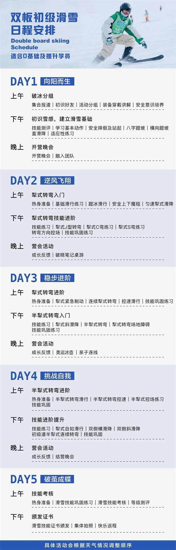 滑雪冬令营课程从孩子的兴趣爱好出发,分设双板和单板两种滑雪课程。由专业团队遵循UYoung儿童滑雪教学体系,细分等级,设计出适宜的课程安排。
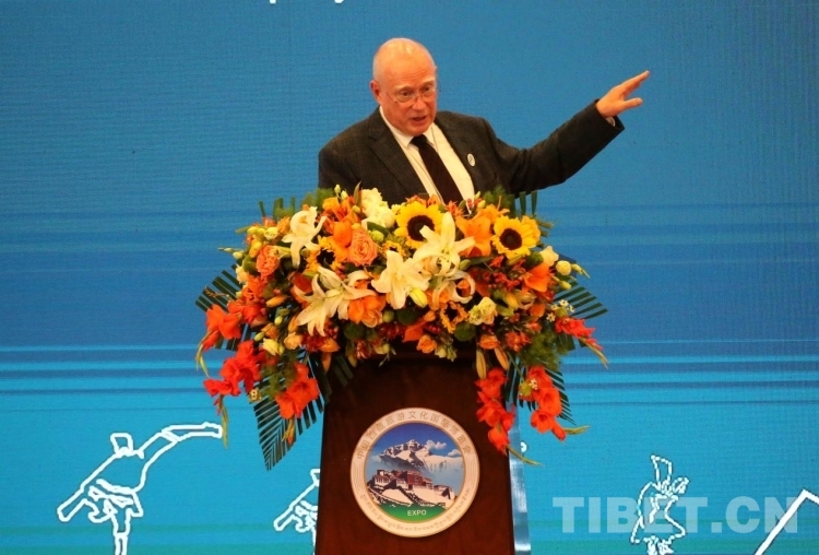 圖為大衛(wèi)·布萊爾在第五屆中國西藏旅游文化國際博覽會主旨論壇發(fā)表演講 攝影:王佳豪
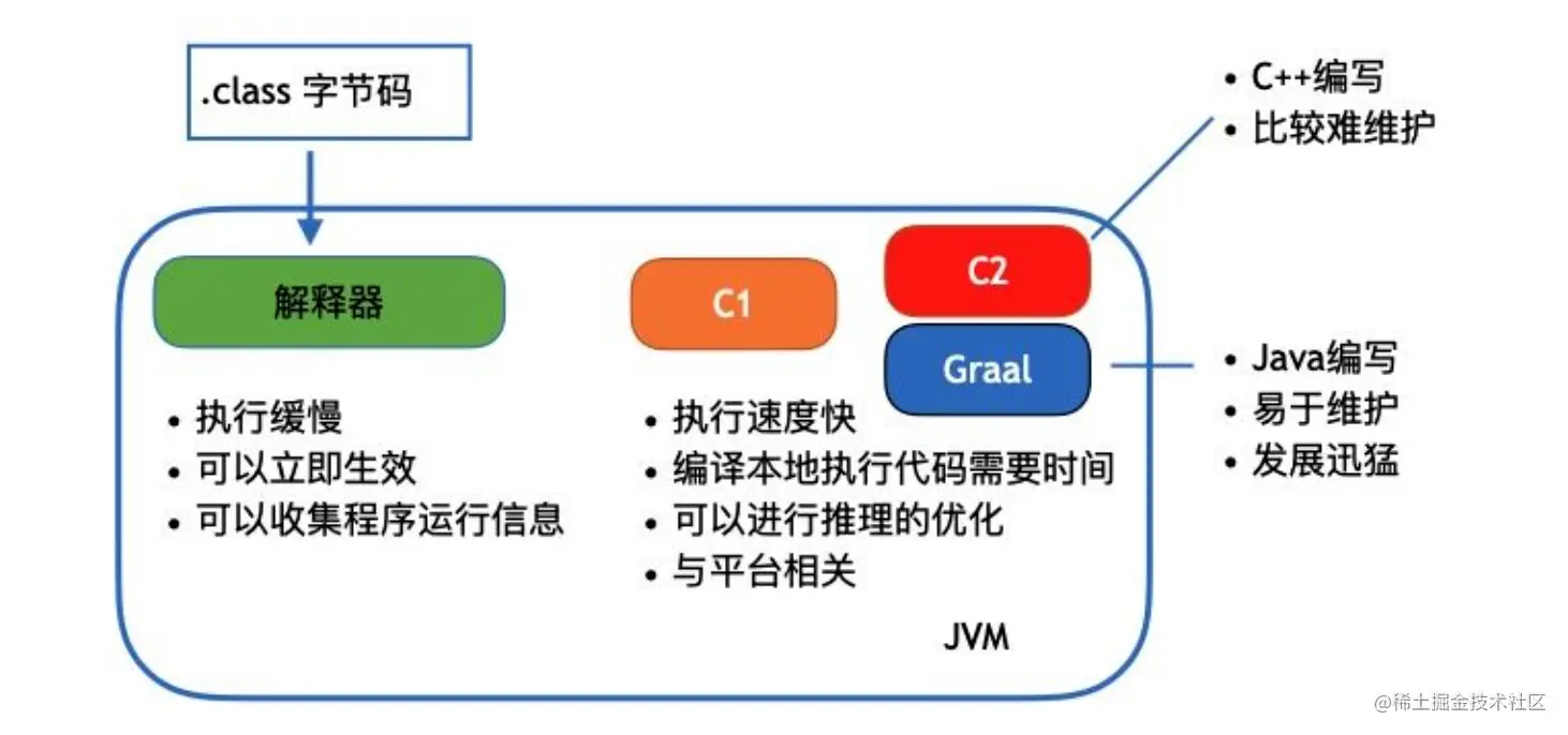 GraalVM:JVM为了提升效率,借助JIT及时编译技术对解释执行的字节码进行局部优化,通过编译器生成本地执行代码提升应用执行效率。
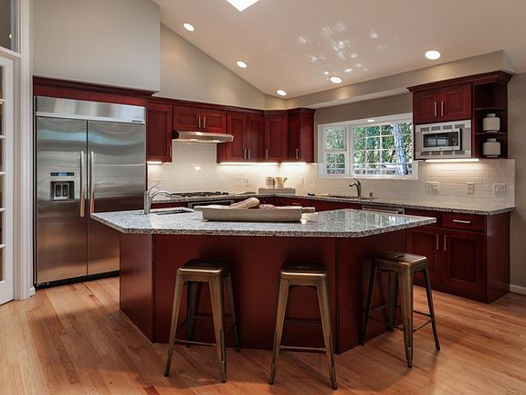 Beautifully expanded/remodeled, home is paired with a large lot with for the best of indoor-outdoor living! Superb location is just minutes away from Los Altos Village dining/shopping venues, Apple, & Silicon Valley employers. Quality remodeling includes high ceilings, custom arched windows, & rich hardwood flooring. Large, remodeled kitchen has cherry cabinetry with granite slab counters, center island with breakfast bar & prep sink, pantry, 4-burner gas range, large Subzero refrigerator, soaring ceiling with skylights, & spacious eating area with bay window. Open from the kitchen, the family room has a fireplace, built-in media cabinetry with flat screen TV, & French doors to a rear patio. Luxurious master bedroom offers a cathedral ceiling with recessed lighting, patio door to the rear yard, & hardwood flooring. Sumptuous master bath has dual vanities, jetted tub, shower with clear glass enclosure, walk-in closet with organizer, skylight, & French door leading to the rear yard.
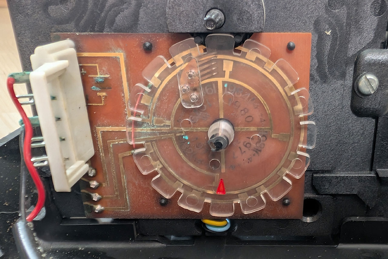 Bei der weißen Uhr war die Situation leider ganz anders. Auf der Kodierscheibe für das Datum befindet sich Grünspan und scheinbar wurde hier schon mal mit einem Stückchen Kabel eine Verbindung repariert. Ein erster Test zeigte außerdem, dass das Datum bei Monaten mit weniger als 31 Tagen nicht richtig funktioniert. Auch hier hat eine Behandlung mit Kontakt 60 und Kontakt WL geholfen.
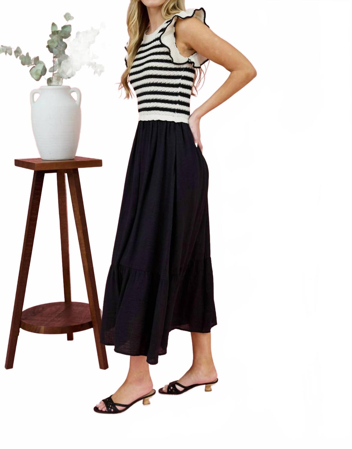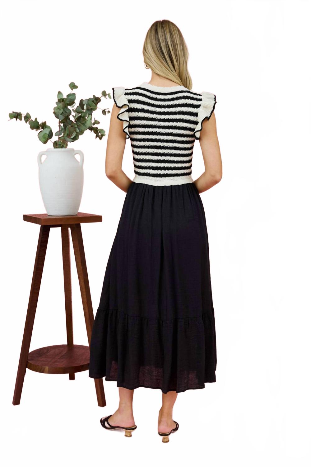 Представляем платье Lola Stripe Twofer Dress от Blu Pepper - стильный выбор для отпуска в монохромной темно-синей цветовой гамме. Это платье миди А-силуэта с короткими рукавами и игривой оборкой по подолу сочетает в себе полосатый трикотажный верх и однотонный низ. Состав: 100% полиэстер (основа и подкладка), 86% вискозы и 14% нейлона, что обеспечивает комфортную и элегантную посадку.

* **What needs to be done**:
The output is the stretch above from the line with "圖為大衛(wèi)·布萊爾在" through the line with "Bei der weißen", copied word for word with both ends kept and every picture dropped.

* **Solution for this exercise**:
 圖為大衛(wèi)·布萊爾在第五屆中國西藏旅游文化國際博覽會主旨論壇發(fā)表演講 攝影:王佳豪
 GraalVM:JVM为了提升效率,借助JIT及时编译技术对解释执行的字节码进行局部优化,通过编译器生成本地执行代码提升应用执行效率。
 Beautifully expanded/remodeled, home is paired with a large lot with for the best of indoor-outdoor living! Superb location is just minutes away from Los Altos Village dining/shopping venues, Apple, & Silicon Valley employers. Quality remodeling includes high ceilings, custom arched windows, & rich hardwood flooring. Large, remodeled kitchen has cherry cabinetry with granite slab counters, center island with breakfast bar & prep sink, pantry, 4-burner gas range, large Subzero refrigerator, soaring ceiling with skylights, & spacious eating area with bay window. Open from the kitchen, the family room has a fireplace, built-in media cabinetry with flat screen TV, & French doors to a rear patio. Luxurious master bedroom offers a cathedral ceiling with recessed lighting, patio door to the rear yard, & hardwood flooring. Sumptuous master bath has dual vanities, jetted tub, shower with clear glass enclosure, walk-in closet with organizer, skylight, & French door leading to the rear yard.
 Bei der weißen Uhr war die Situation leider ganz anders. Auf der Kodierscheibe für das Datum befindet sich Grünspan und scheinbar wurde hier schon mal mit einem Stückchen Kabel eine Verbindung repariert. Ein erster Test zeigte außerdem, dass das Datum bei Monaten mit weniger als 31 Tagen nicht richtig funktioniert. Auch hier hat eine Behandlung mit Kontakt 60 und Kontakt WL geholfen.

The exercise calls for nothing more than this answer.